Until the battery issue is
resolved, Karma production has been halted at about 2,500, far from the
15,000 cars a year that Fisker had predicted it would be selling when
it was getting off the ground. "The luxury car market changed," Ormisher
says. "Establishing a new car brand is not that easy."
Just
before the recent holidays, Posawatz embarked on a tour of Europe to try
to find a partner or rustle up investors for Fisker Automotive. In
addition, the company has engaged Evercore, an investment banking firm
with expertise in restructuring, for the search. Posawatz has denied
Fisker will file for a bankruptcy restructuring, but the search
underscores the company's troubles.It has also gone into cost-saving
mode, reducing its workforce by half to about 300 from a year ago.
Fisker's
challenges seem to underscore the realities of automaking that have
dissuaded newcomers with new ideas since the days of Tucker.
"The
automotive industry is pretty old school," says Rebecca Lindland, the
New York-based research director for consulting firm IHS Automotive.

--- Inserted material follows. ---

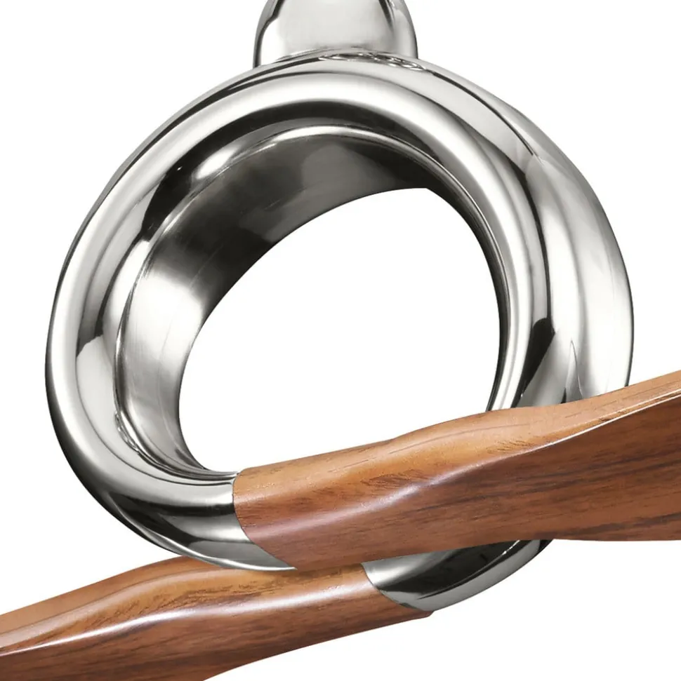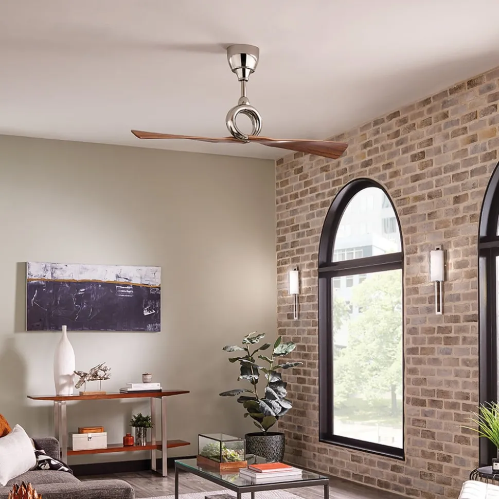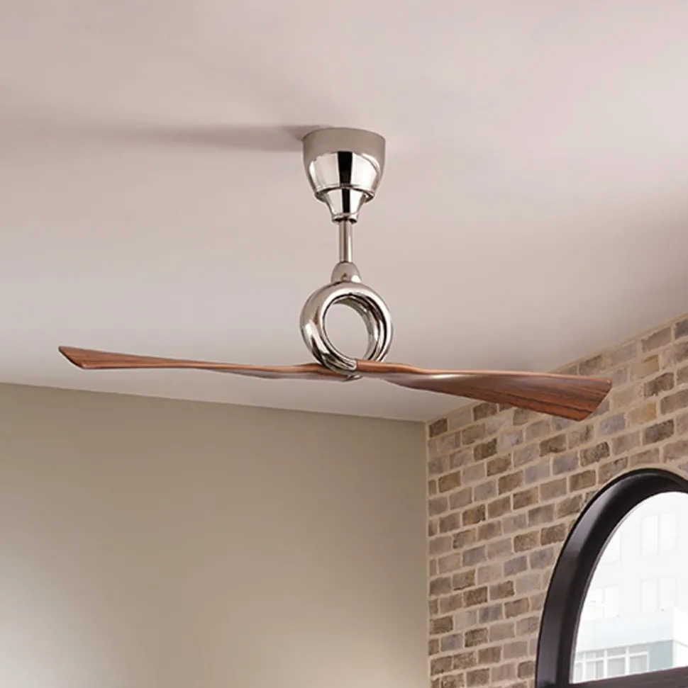 De tweevleugelige plafondventilator Link lijkt met zijn twee vleugels van ABS-kunststof, die uit een stalen ring komen, uit één stuk te zijn gegoten. Het optische contrast tussen gepolijst nikkel en donkere walnoottint is bijzonder decoratief. Een afstandsbediening wordt meegeleverd.

"It's not this glam, newfangled industry, but, man, is it an expensive
place to live."
Automakers are constantly underestimating the
capital requirements of making cars, she says, the kind of scale needed
to make a profit. Even established automakers are constantly wheeling
and dealing with each other to share plants, models or find other ways
to cut their capital costs.
Fisker, on the other hand, arrives as
basically a boutique maker that can't achieve those scales of
operation. "Fisker is finding that even if things are going well, you
still need billions of dollars," Lindland says. In the end, she says
it's the basics that matter - management, personality and marketing -
despite all the hype. Even then, "not everyone can win. We are going to
have failures."
With a little help from DiCaprio, Bieber and other fans of plug-in cars, Fisker is working to remain one of the survivors.